I catch the pungent scent of animals, manure and hay wafting from up ahead. Following my nose, I turn down another tunnel and have to hold myself back from thrusting my fist in the air with a shouted, “Yes,” when I see the barred cells up ahead. They’re the animals from the fights: giant lizards and chimeras, and wolves andevery other terrifying thing they send into the arena, starved and half-mad from being locked in a cell.
But it isn’t the animals I’m looking for. Snatching a torch off the wall, I race for the bales of hay stacked against one of the cells. I knock them to the floor, so they bridge the tunnel walls, toss the torch onto one and run. The hay ignites with a whoosh and a blast of heat behind me.
That should hold them for a while, I think. I cut around a corner and pause to lean against the wall, my chest heaving, heart chugging at what has to be a dangerous rate. I peek around the corner to see if they found a way around, and my blood turns to ice. The soldiers are walking straight through the flames—not leaping or running, but walking through the fire like it’s nothing. The flames lick their skin and devour their clothes, but they just keep coming. When the first guard emerges from the conflagration, his skin charred and bubbling, my legs go weak, and I have to grab the wall for support.
I’m not going to survive this.
I take off again, but exhaustion has set in, making every step more laborious than the last. More guards stream into my path from the left up ahead. I flee right. “Stop, please,” I shout over my shoulder, knowing it’s useless. The mass of guards continues following behind me, their bodies silhouetted against the light, giving them the appearance of one mighty undulating shadow.
My legs give out and I crash to the floor, hands and knees scraped raw on the rough stone. I push back to my feet, only to stumble and fall again.
Hands grab me from behind, lifting me as if I weigh nothing. “Let me go,” I shout.
“Let me go. Let me go. Let me go,” the guards all say at once, as they close in around me, their mocking tone a complete contradiction to their blank expressions.
“Stop. It. Gods. Dammit.” I slap and elbow and shove at the figures surrounding me, but it’s no use. They just keep pushing and pulling and grabbing me. A male with pale blue eyes steps into my line of vision.
“Who are you?” he asks.
Then another fae, this one female with pink eyes, repeats, “Who are you?”

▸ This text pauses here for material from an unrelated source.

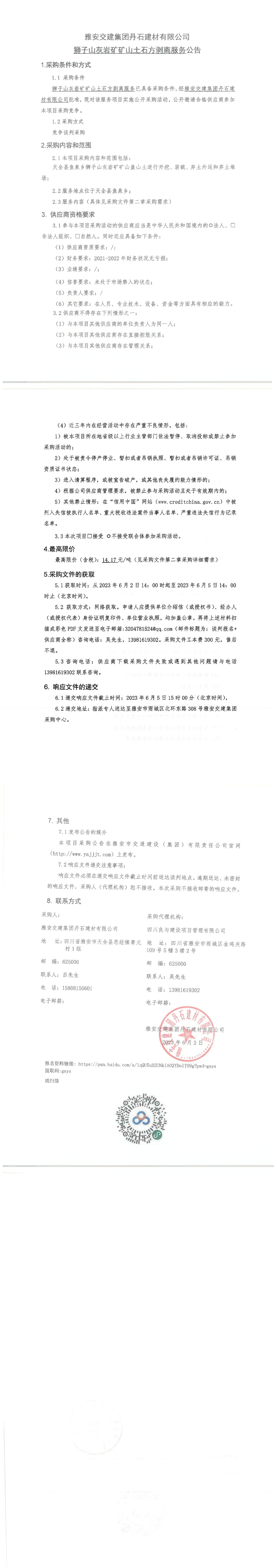 雅安交建集團(tuán)丹石建材有限公司獅子山灰?guī)r礦礦山土石方剝離服務(wù)公告

The others chime in like some horrific chorus, “Who are you? Who are you? Who are you?”
“Please, stop,” I beg, the sound pitiful even to my own ears. I squeeze my eyes shut and concentrate on the buzz of power within me and push it out with all my might. “Go away.”
It’s no use.
A hundred hands tug and shove at me, flipping me over so I’m facing another female guard, her bright pink eyes as terrifying as they are beautiful. “Answer me, child. Who are you? Where did you acquire this power?”
I shake my head. “I… I don’t understand.”